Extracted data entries
--------------------
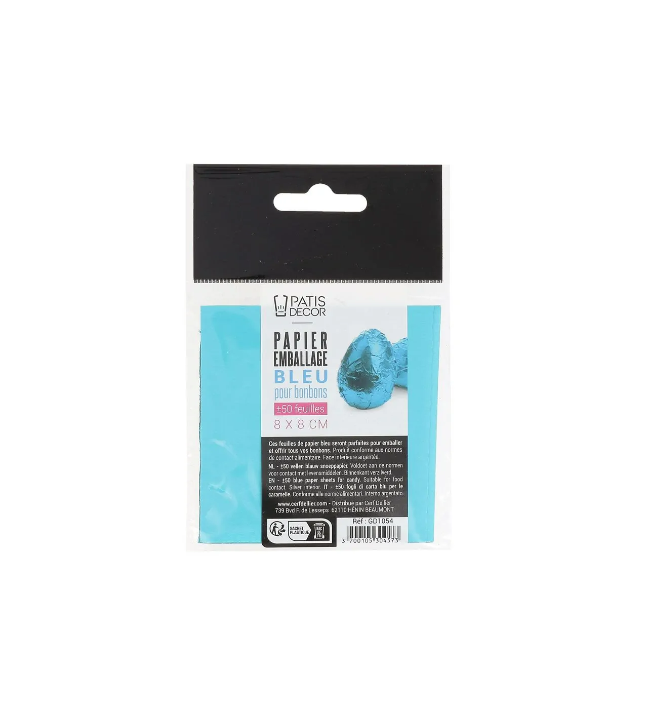 Papier Bleu Métallisé Emballage Bonbon (x50) Patisdécor
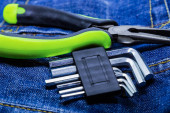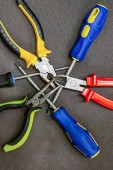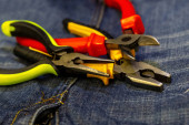 Narzędzia ręczne mistrz elektryk Szczypce do cięcia metalu część na niebieskim tle zbliżenie
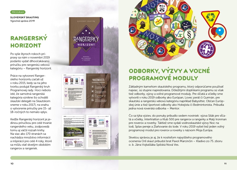 Programovej rade Slovenského skautingu sa podarilo priniesť dlhoočakávanú príručku pre členov vo veku 15 – 18 rokov (rangerky a rangerov) Rangerský horizont. Okrem publikačnej činnosti členovia Programovej rady nezaháľali ani pri napĺňaní programovej ponuky. Vďaka tomu nám pribudlo niekoľko nových odboriek, výziev i jeden nový voľný programový modul. Medzi tradičné akcie programovej rady opäť patrili Družina roka a Radcovské fórum. 11. ročník obľúbenej súťaže Družina opäť preveril zručnosti a vedomosti zapojených družín. Titul Družina roka 2019 si napokon vybojovali Sovičky zo 45. zboru Posledného spojenectva z Veľkého Zálužia. Radcovské fórum opäť spojilo radkyne a radcov z celého Slovenska.
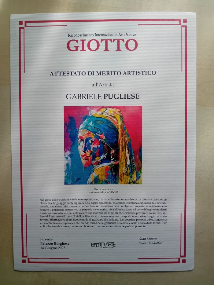 GROTTAMMARE – Reduce dal successo internazionale alla World Art Dubai 2025, l’artista Gabriele Pugliese – in arte GAPU – conquista anche la scena italiana ricevendo a Firenze il prestigioso Premio Giotto per la sua opera “Ragazza con l’orecchino astratto”.
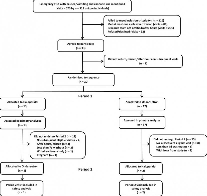 ההקאות נמשכות בדרך כלל בין יומיים לארבעה ימים ואינן מגיבות לטיפול הרגיל בתרופות נוגדות הקאה. מצד שני, אמבטיות חמות אכן מקלות על הסימפטומים של רוב החולים. עם זאת, אלה נעלמים לחלוטין רק עם הפסקת השימוש בקנאביס.
--------------------
▶ **Task description**:
Treating the line with "Narzędzia ręczne mistrz" as the last line to include, retype the records exactly from their first line, excluding pictures.

▶ **Solved exercise**:
 Papier Bleu Métallisé Emballage Bonbon (x50) Patisdécor
 Narzędzia ręczne mistrz elektryk Szczypce do cięcia metalu część na niebieskim tle zbliżenie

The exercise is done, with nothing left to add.